• _Exercise input_:
▬▬▬▬▬▬▬▬▬▬

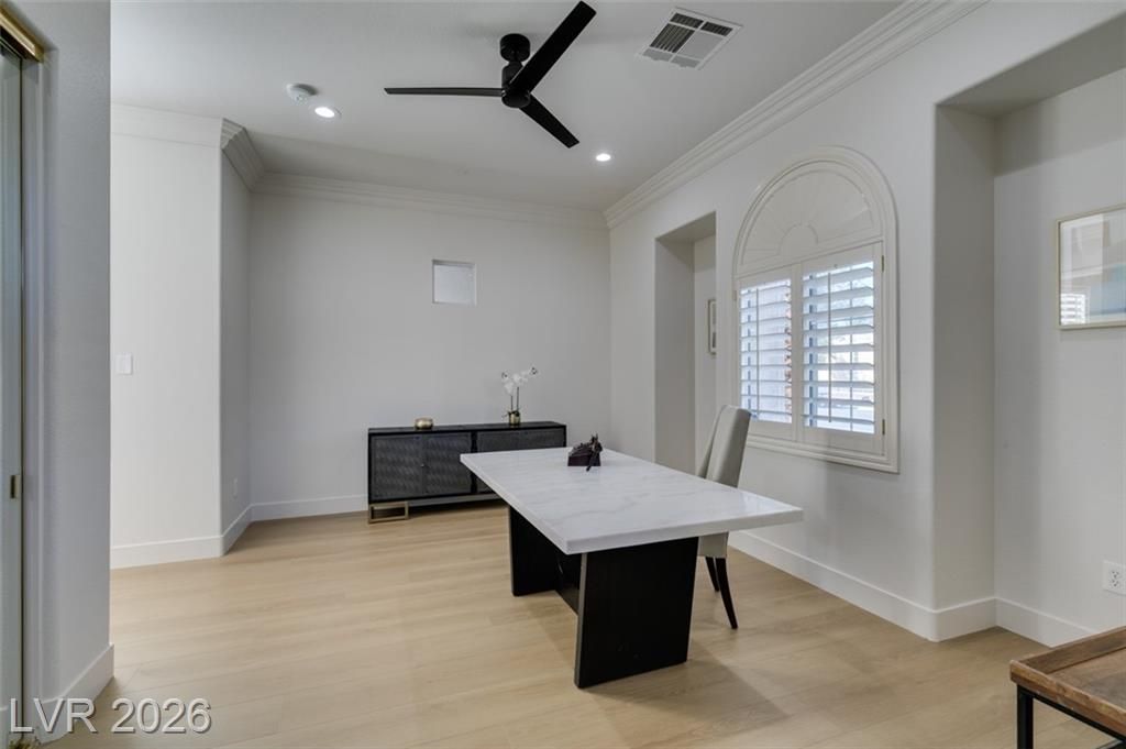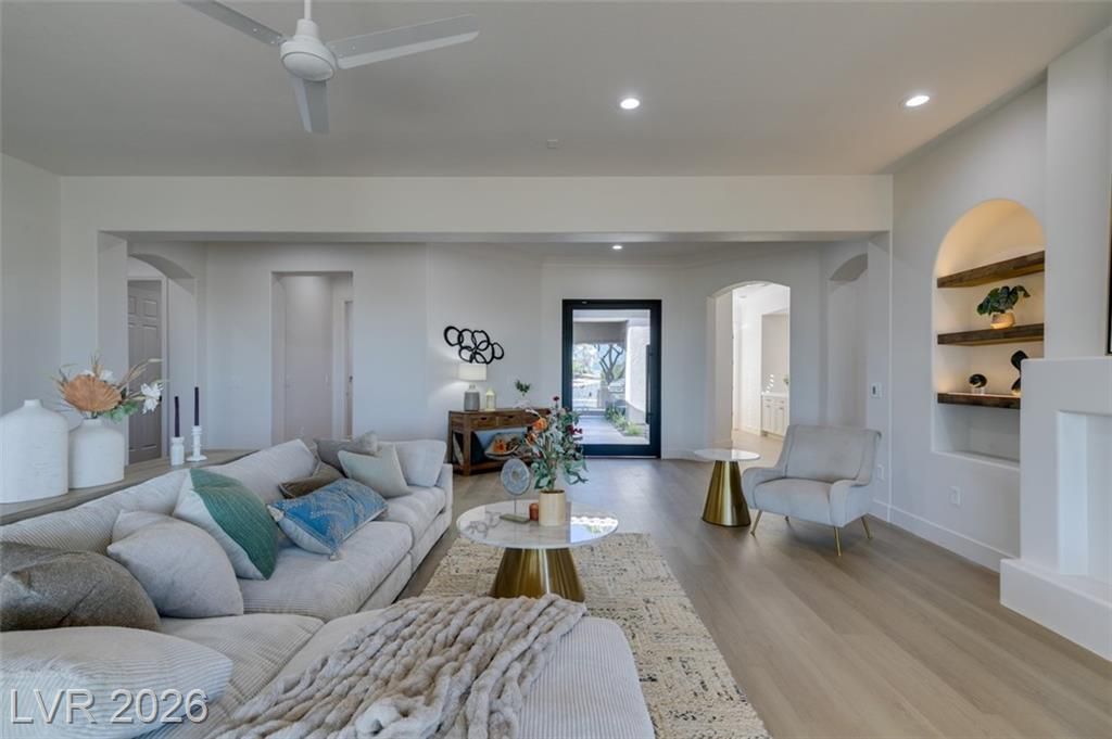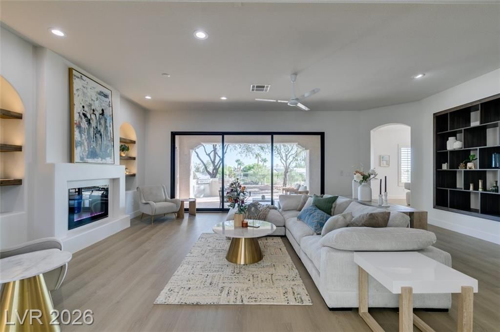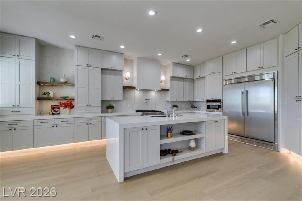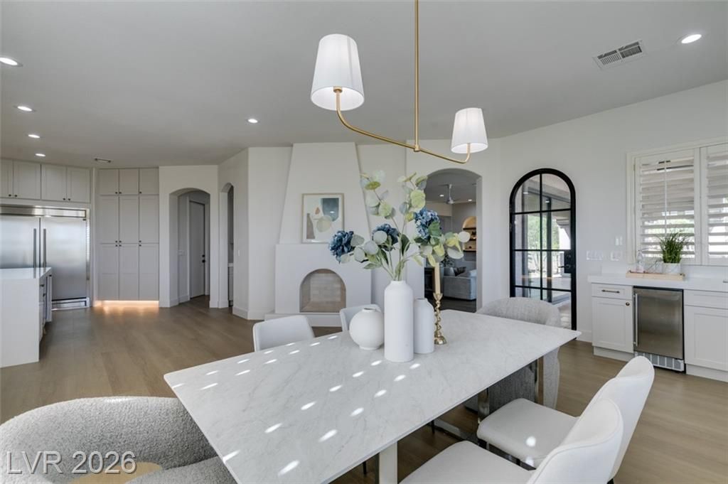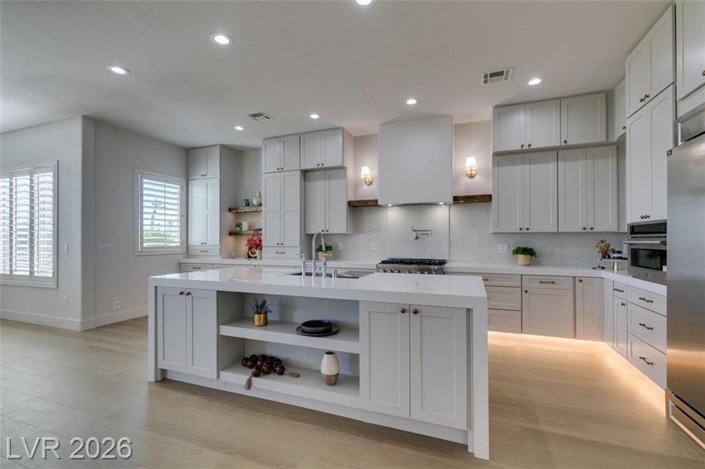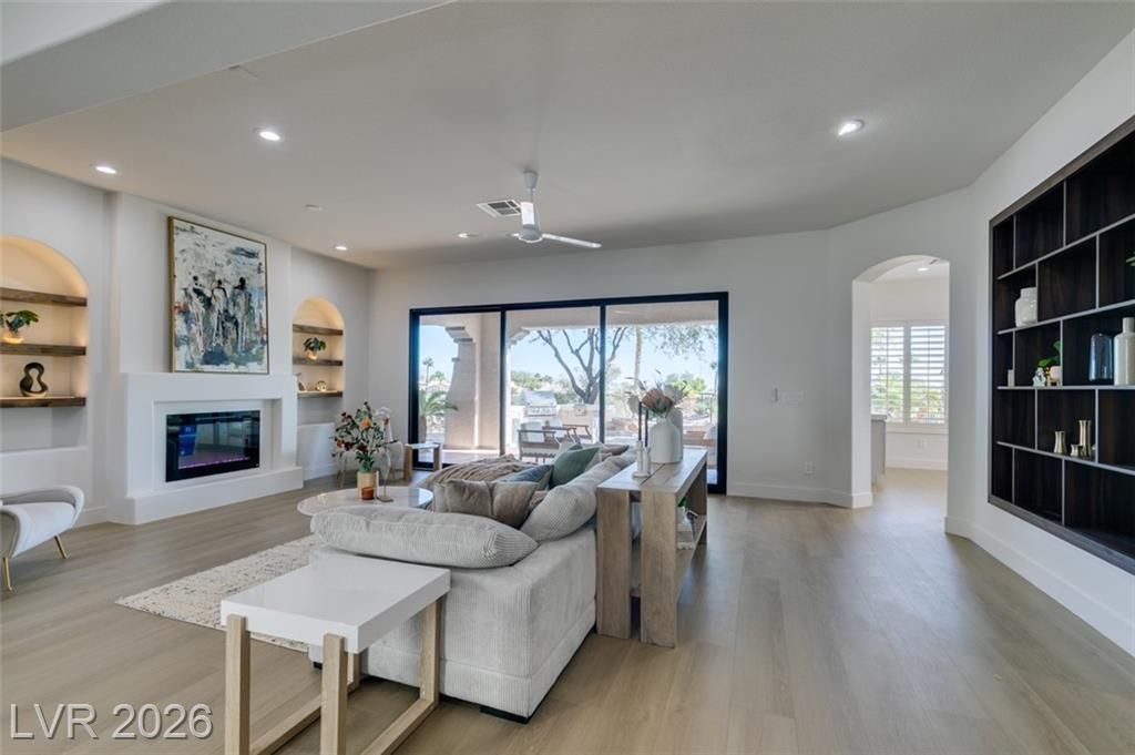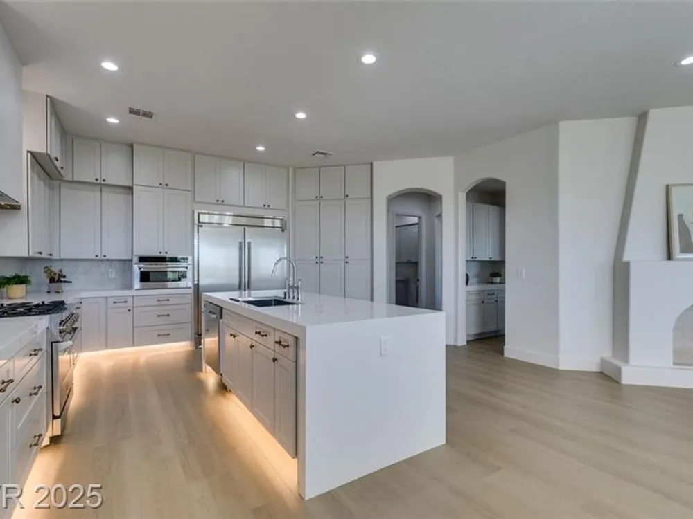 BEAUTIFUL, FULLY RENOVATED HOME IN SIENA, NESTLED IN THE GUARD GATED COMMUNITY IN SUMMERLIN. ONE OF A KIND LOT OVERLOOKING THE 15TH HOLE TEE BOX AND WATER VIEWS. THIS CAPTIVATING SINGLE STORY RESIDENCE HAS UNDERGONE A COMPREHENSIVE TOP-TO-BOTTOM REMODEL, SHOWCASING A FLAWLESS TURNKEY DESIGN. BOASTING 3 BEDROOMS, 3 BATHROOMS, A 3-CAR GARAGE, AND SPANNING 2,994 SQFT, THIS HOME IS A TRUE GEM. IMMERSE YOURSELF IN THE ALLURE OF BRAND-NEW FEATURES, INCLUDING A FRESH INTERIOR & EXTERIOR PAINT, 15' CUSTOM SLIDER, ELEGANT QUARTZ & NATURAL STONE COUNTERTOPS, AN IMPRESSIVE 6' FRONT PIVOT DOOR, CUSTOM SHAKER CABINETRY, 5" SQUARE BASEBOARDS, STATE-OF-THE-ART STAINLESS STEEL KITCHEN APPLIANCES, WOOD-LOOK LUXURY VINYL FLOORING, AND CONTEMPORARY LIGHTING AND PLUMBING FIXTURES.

▬▬▬▬▬▬▬▬▬▬

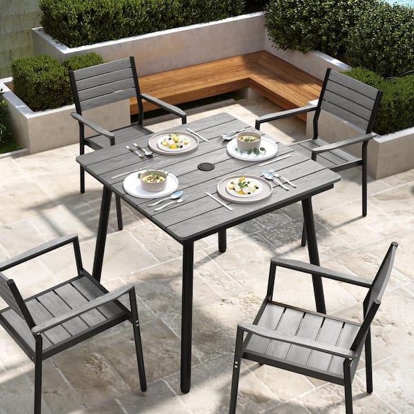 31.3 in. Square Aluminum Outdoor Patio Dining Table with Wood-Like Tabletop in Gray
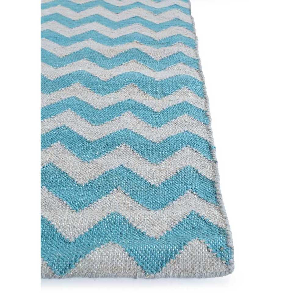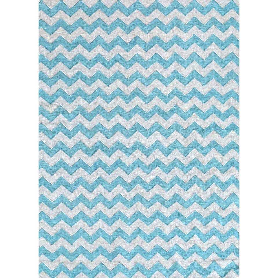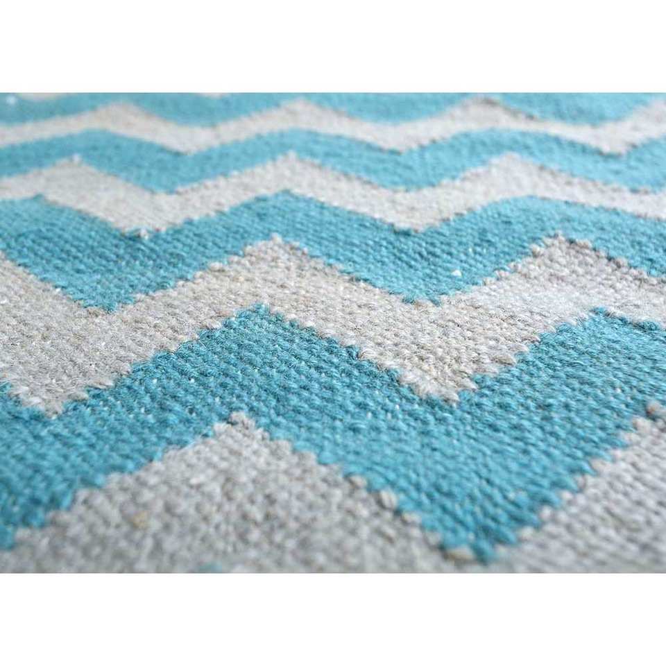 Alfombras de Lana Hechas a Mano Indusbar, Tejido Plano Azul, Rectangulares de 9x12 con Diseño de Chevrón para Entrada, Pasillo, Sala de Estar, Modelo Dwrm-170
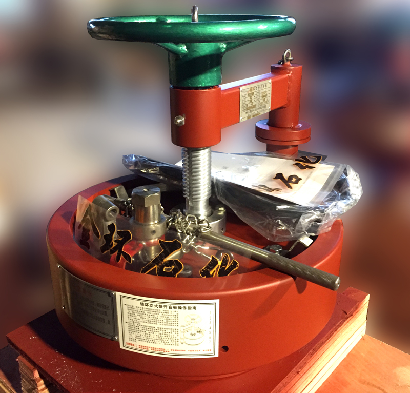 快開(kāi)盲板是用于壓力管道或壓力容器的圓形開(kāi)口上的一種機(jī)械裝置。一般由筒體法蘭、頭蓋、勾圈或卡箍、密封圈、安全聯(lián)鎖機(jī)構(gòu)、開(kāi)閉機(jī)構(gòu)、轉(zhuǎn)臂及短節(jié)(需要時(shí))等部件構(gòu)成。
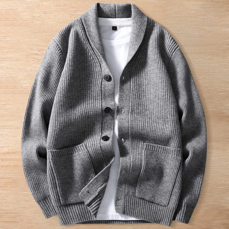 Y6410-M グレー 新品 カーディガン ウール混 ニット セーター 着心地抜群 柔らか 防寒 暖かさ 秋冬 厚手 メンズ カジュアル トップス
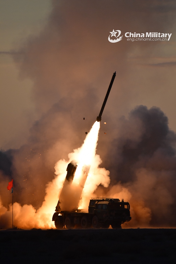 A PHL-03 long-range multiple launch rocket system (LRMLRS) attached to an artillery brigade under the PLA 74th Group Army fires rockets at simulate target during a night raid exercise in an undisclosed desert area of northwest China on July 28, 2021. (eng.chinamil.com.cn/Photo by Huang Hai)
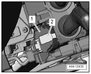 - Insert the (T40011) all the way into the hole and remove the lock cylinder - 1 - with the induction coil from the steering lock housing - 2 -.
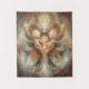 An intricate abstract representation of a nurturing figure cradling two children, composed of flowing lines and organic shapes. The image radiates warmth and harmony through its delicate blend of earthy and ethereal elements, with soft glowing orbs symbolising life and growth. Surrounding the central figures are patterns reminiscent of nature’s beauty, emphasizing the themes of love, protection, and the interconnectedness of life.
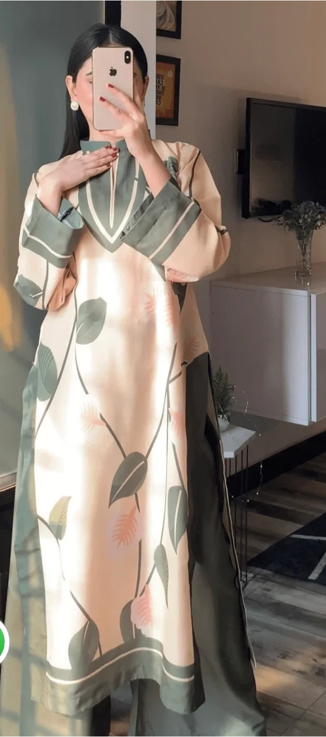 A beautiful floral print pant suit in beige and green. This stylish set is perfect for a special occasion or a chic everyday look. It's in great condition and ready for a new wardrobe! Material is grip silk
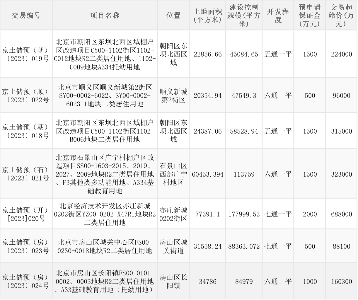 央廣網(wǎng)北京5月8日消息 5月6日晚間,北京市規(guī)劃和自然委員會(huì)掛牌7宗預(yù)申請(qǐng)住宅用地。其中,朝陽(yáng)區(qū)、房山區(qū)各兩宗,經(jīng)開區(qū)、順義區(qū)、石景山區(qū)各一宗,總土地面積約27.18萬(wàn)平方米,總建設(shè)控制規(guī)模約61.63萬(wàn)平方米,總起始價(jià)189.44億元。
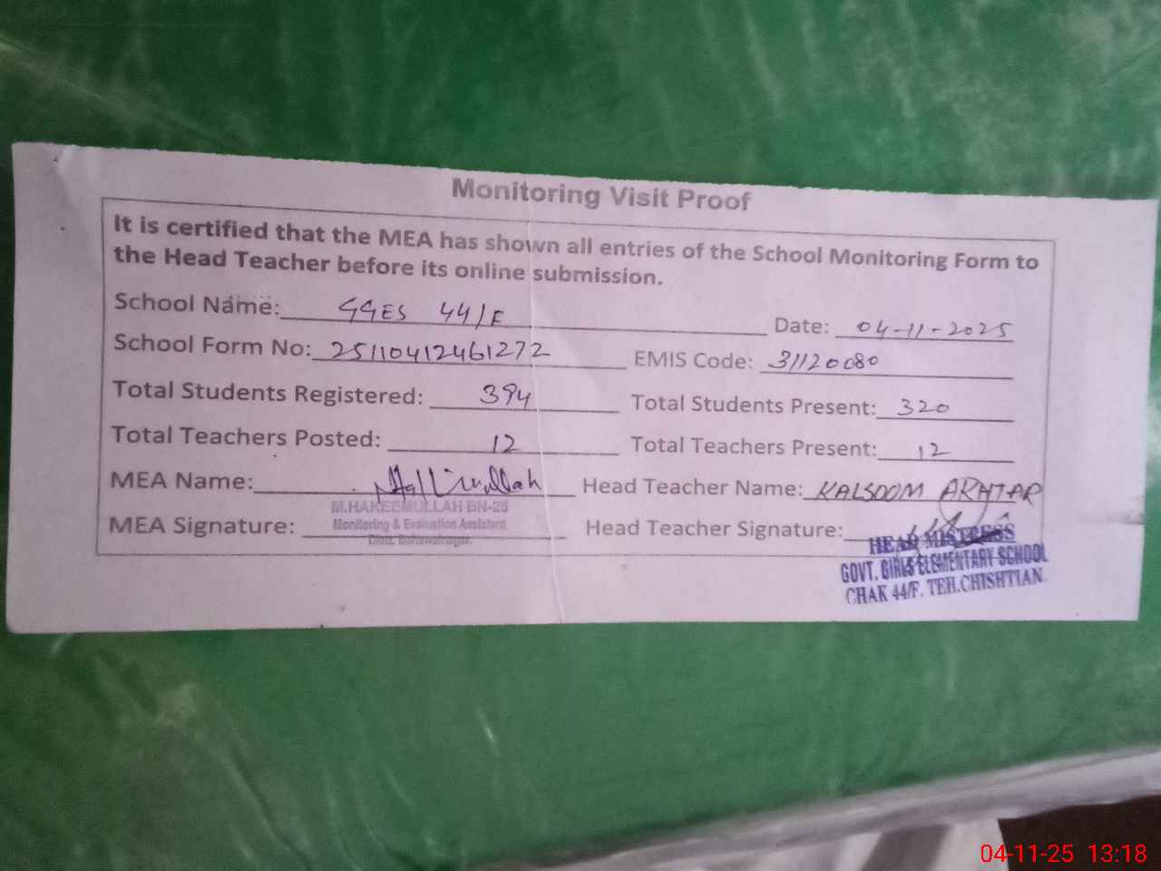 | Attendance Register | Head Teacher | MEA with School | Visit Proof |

▬▬▬▬▬▬▬▬▬▬

• _Exercise prompt_:
Please transcribe exactly the part of the records that opens with the line containing "快開(kāi)盲板是用于壓力" and closes with the line containing "A PHL-03 long-range", both ends included, and leave out the pictures.

• _Answer to the exercise_:
 快開(kāi)盲板是用于壓力管道或壓力容器的圓形開(kāi)口上的一種機(jī)械裝置。一般由筒體法蘭、頭蓋、勾圈或卡箍、密封圈、安全聯(lián)鎖機(jī)構(gòu)、開(kāi)閉機(jī)構(gòu)、轉(zhuǎn)臂及短節(jié)(需要時(shí))等部件構(gòu)成。
 Y6410-M グレー 新品 カーディガン ウール混 ニット セーター 着心地抜群 柔らか 防寒 暖かさ 秋冬 厚手 メンズ カジュアル トップス
 A PHL-03 long-range multiple launch rocket system (LRMLRS) attached to an artillery brigade under the PLA 74th Group Army fires rockets at simulate target during a night raid exercise in an undisclosed desert area of northwest China on July 28, 2021. (eng.chinamil.com.cn/Photo by Huang Hai)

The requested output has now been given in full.